San Ignacio de Loyola: la segunda conversión
La conversión más honda de San Ignacio, para muchos, no se da entonces en Loyola en esa cama postrado, sino en el Río Cardoner, luego de esa depresión “de buscar a Dios sin el mundo”. San Ignacio en su Autobiografía relata en tercera persona su segunda y gran conversión de esta forma: “Una vez iba por su devoción a una iglesia, que estaba poco más de una milla de Manresa, que creo yo que se llama san Pablo, y el camino va junto al río; y yendo así en sus devociones, se sentó un poco con la cara hacia el río, el cual iba hondo. Y estando allí sentado se le empezaron abrir los ojos del entendimiento; y no que viese alguna visión, sino entendiendo y conociendo muchas cosas, tanto de cosas espirituales, como de cosas de la fe y de letras; y esto con una ilustración tan grande, que le parecían todas las cosas nuevas”.
San Ignacio pasa del estar “en el mundo sin Dios” a “buscar a Dios sin el mundo” y de ahí finalmente a “encontrar a Dios en el mundo”, transformando esta consigna en la consigna más propia de la espiritualidad ignaciana: ser “contemplativos en la acción”, “buscar y hallar a Dios en todas las cosas”, “en lo más profundo de las realidades”.
Esta espiritualidad Ignaciana se opone entonces a una búsqueda de Dios que rechaza el mundo y la humanidad.
Hegel y Odo Marquard tienen dos relatos que sintonizarían mucho con esta mirada.
El primero relata la pequeña historia de aquel hombre que quería fruta y por ello rechazó manzanas, peras, ciruelas, cerezas y membrillo: “Pues no quería manzanas, sino fruta, no quería peras, sino fruta, ni membrillo, sino fruta; así que eligió el único camino que le conducía con seguridad a no conseguir lo que quería, que era fruta; pues la fruta sólo existe (al menos para los seres humanos) en forma de manzanas, peras, ciruelas, cerezas o membrillo”.
Odo Marquard dice que lo mismo sucede a quien busca directamente la felicidad o el sentido de la vida: “Pues una persona así no quiere leer, sino que quiere sentido, no quiere escribir, sino que quiere sentido, tampoco quiere trabajar, sino que quiere sentido, no quiere dormir, sino que quiere sentido, no quiere cumplir deberes, sino que quiere sentido, no quiere seguir inclinaciones, sino que quiere sentido, etc.: no quiere profesión, sino sentido; no quiere hobby, sino sentido; no quiere familia, sino sentido, no quiere soledad, sino sentido, no quiere Estado, sino sentido, no quiere arte, sino sentido, no quiere economía, sino sentido, no quiere ciencia, sino sentido, no quiere compasión, sino sentido, etc. También esta persona elige el único camino que le conduce con seguridad a no alcanzar lo que quiere: el sentido”.

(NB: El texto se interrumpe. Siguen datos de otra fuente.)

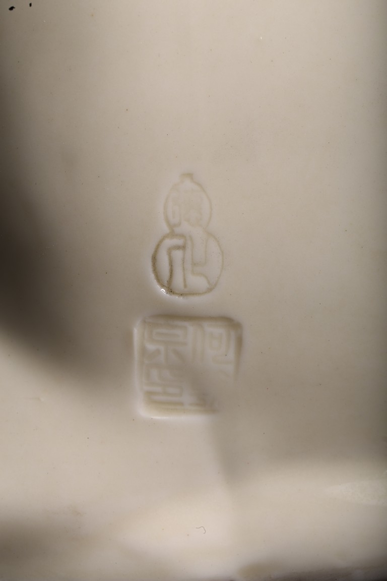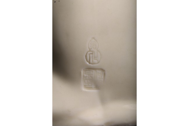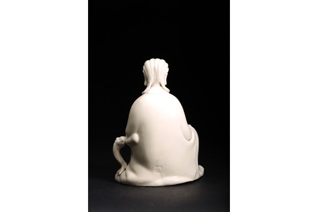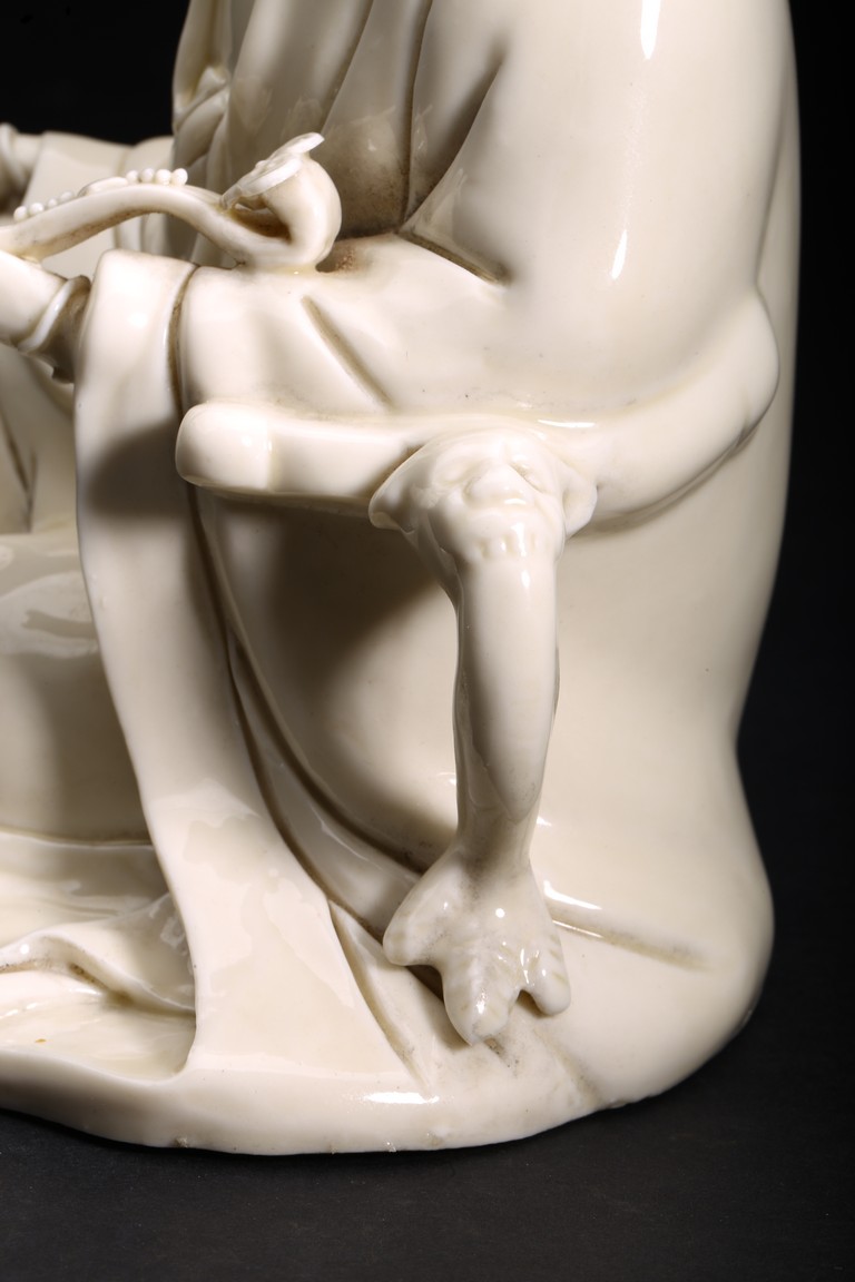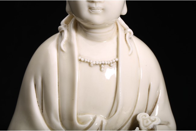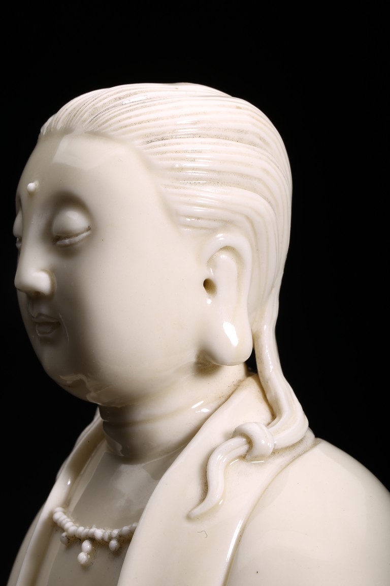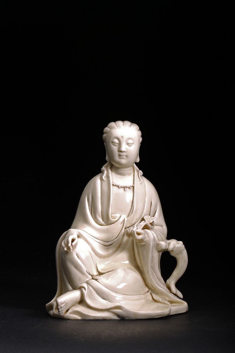The deity seated in lalitasana, draped in long flowing robes falling in folds around her feet, her shawl loosely tied at the front revealing beaded necklace on her bare chest, her right hand resting on her raised knee, the left holding a ruyi scepter, the face shown with lidded eyes and serene expression, her hair combed back into knotted plaits falling down over her shoulders, the back impressed Dehua in a double gourd above a square seal mark. Qing Dynasty period.
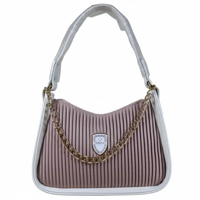 Fall in love with this sweet pink handbag, featuring a sophisticated pleated design and a stylish chain detail. It’s the perfect accessory to add a soft pop of color and elegance to your look, day or night!
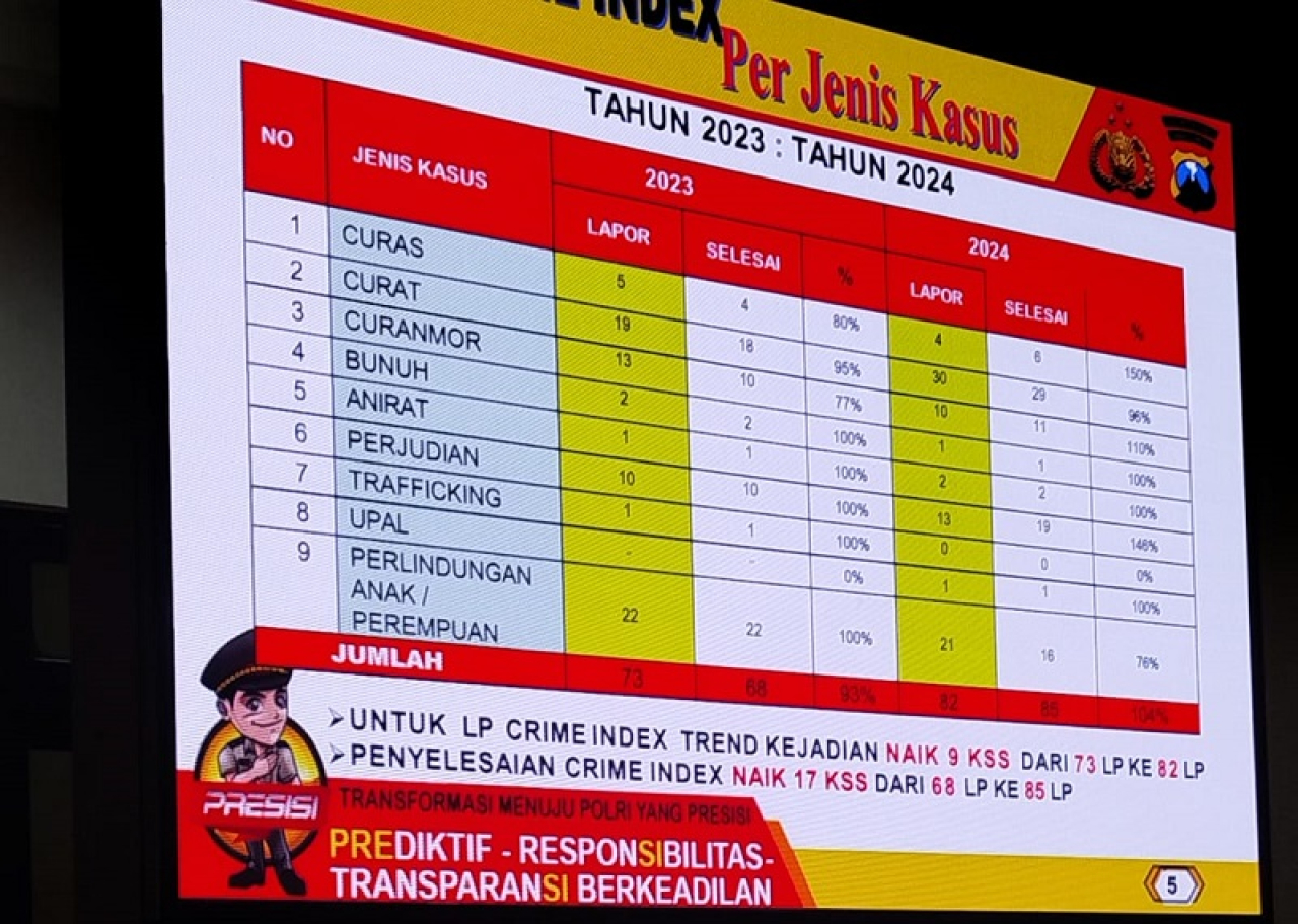 Dalam pemaparanya AKBP Wiwit menyampaikan dari data penyelesaian kasus di Satreskrim berhasil mengalami peningkatan selama tahun 2024 dibandingkan tahun tahun 2023, dengan rincian untuk Crem Index naik 9 kasus dari 73 LP ke 82 LP, untuk penyelesaianya naik 17 kasus dari 68 LP ke 85 LP,.
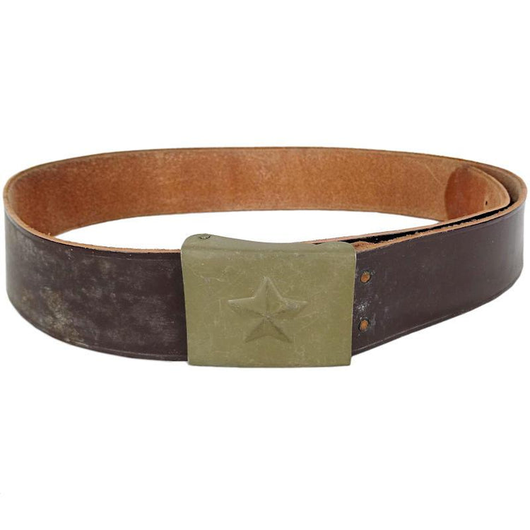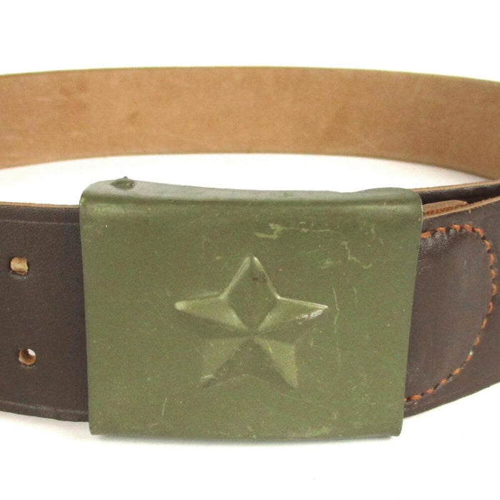 This service belt is surplus of the Army of the Czech Republic. It's dated around the 1980's and is constructed from sturdy leather with a steel buckle. The design is influenced by German service belts seen in the 1970's. An embossed star emblem is a prominent feature on the buckle. There are some scuffs and scratches on the buckle, although it adds to the genuine and vintage feel of the belt. It's a nice piece for a collection and a bold look around the waist.
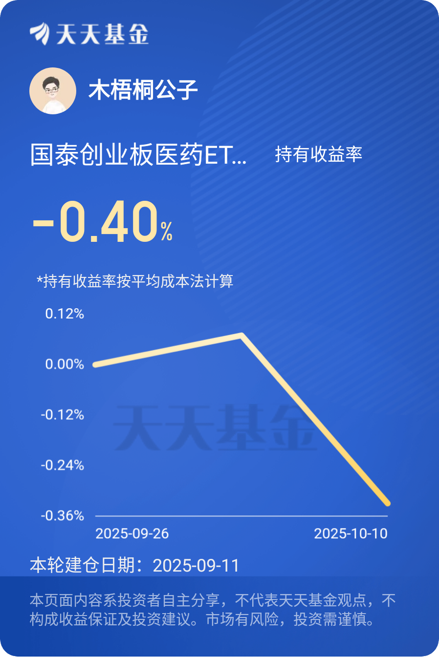所以,木同学认为创业板医药板块处于“政策底+业绩底”的关键节点,医疗器械国产替代、创新药出海、数智化转型等主线清晰。木同学已早早通过指数基金$国泰创业板医药ETF联接A$ 布局高景气赛道。中长期来看,老龄化加剧与技术创新将驱动板块持续增长,木同学期望以长期视角来把握盈利提升的红利。@国泰基金
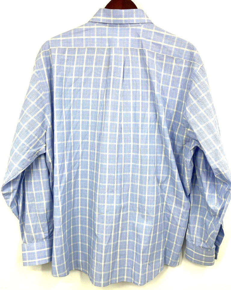 Chaps Stretch Collar Wrinkle Free Regular Fit 18 34/35 Blue Check Plaid

Me atrevo a meterme, con el cartel de San Ignacio, entre Hegel y Marquard, y decir que lo mismo sucede a quien busca directamente a Dios, su poder y su camino, y no quiere panes, porque quiere a Dios, no quiere pescados y mariscos recién salidos del mar, porque quiere a Dios, no quiere una bella poesía que hable de lo más humano, porque quiere a Dios, no quiere conocer las mingas, porque quiere a Dios; no quiere goles, ni hacer el amor, ni compartir en familia o comunidad, porque quiere a Dios…
También esta persona elige el único camino que le conduce con seguridad a no alcanzar, o mejor dicho no ser alcanzado, por lo que busca: Dios.
La espiritualidad es una espiritualidad que encuentra a Dios en el mundo, trabajando, dándose, manifestándose en las muchas multiplicaciones de los panes de todos los días, y que trata de enfrentar a los fariseísmos del mundo que no logran acoger que detrás de todo pan se transparenta el Pan de Vida.
Es verdad, un riesgo de la espiritualidad ignaciana tiene que ver con quedarse en el pan, la política, la celebración y la comunidad y no ir en profundidad desde allí a lo más hondo, la huella de Dios.
Ése es el riesgo, pero el gran regalo de San Ignacio es invitarnos a valorar las mediaciones de la vida, a gozarnos de la literatura, de los movimientos políticos y las luchas y celebraciones de todos los días, porque el Pan de Vida se ha hecho carne y está en el pan, los pescados y un hombre de carne y hueso, el Jesús de ayer y el Jesús de hoy.
Pablo Romero S.J. Artículo publicado en el blog Territorio Abierto.